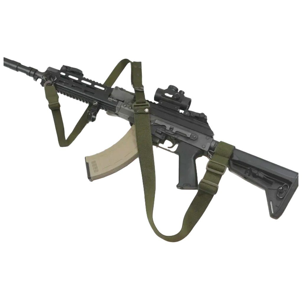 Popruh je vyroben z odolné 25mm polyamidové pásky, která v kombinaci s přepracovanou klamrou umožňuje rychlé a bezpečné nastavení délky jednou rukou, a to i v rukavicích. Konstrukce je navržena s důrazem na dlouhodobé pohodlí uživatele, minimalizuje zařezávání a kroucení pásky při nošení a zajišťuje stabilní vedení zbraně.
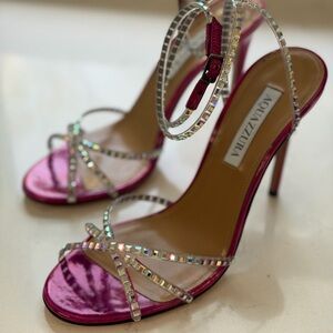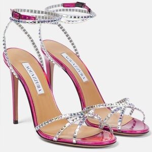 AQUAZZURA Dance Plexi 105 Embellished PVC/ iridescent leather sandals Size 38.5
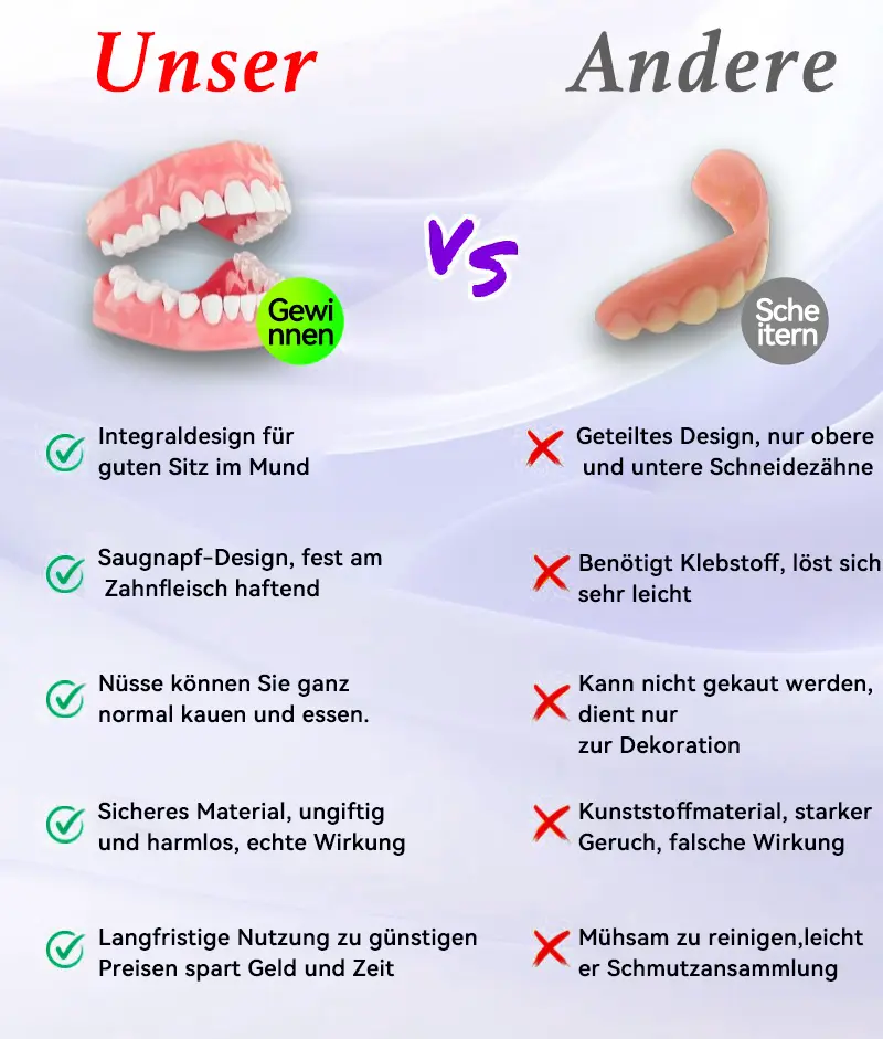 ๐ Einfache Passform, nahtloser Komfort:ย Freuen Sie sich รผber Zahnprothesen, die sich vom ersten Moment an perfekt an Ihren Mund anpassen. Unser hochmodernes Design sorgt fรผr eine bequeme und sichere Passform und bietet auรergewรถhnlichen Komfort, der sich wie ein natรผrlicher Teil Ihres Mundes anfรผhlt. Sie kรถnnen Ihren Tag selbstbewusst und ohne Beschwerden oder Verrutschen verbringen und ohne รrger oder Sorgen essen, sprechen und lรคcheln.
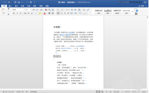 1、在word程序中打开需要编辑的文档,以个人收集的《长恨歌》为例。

========================

Go from the first line of the data above to the line containing "AQUAZZURA Dance Plexi" and retype exactly those lines, both included, but none of the pictures.

 Popruh je vyroben z odolné 25mm polyamidové pásky, která v kombinaci s přepracovanou klamrou umožňuje rychlé a bezpečné nastavení délky jednou rukou, a to i v rukavicích. Konstrukce je navržena s důrazem na dlouhodobé pohodlí uživatele, minimalizuje zařezávání a kroucení pásky při nošení a zajišťuje stabilní vedení zbraně.
 AQUAZZURA Dance Plexi 105 Embellished PVC/ iridescent leather sandals Size 38.5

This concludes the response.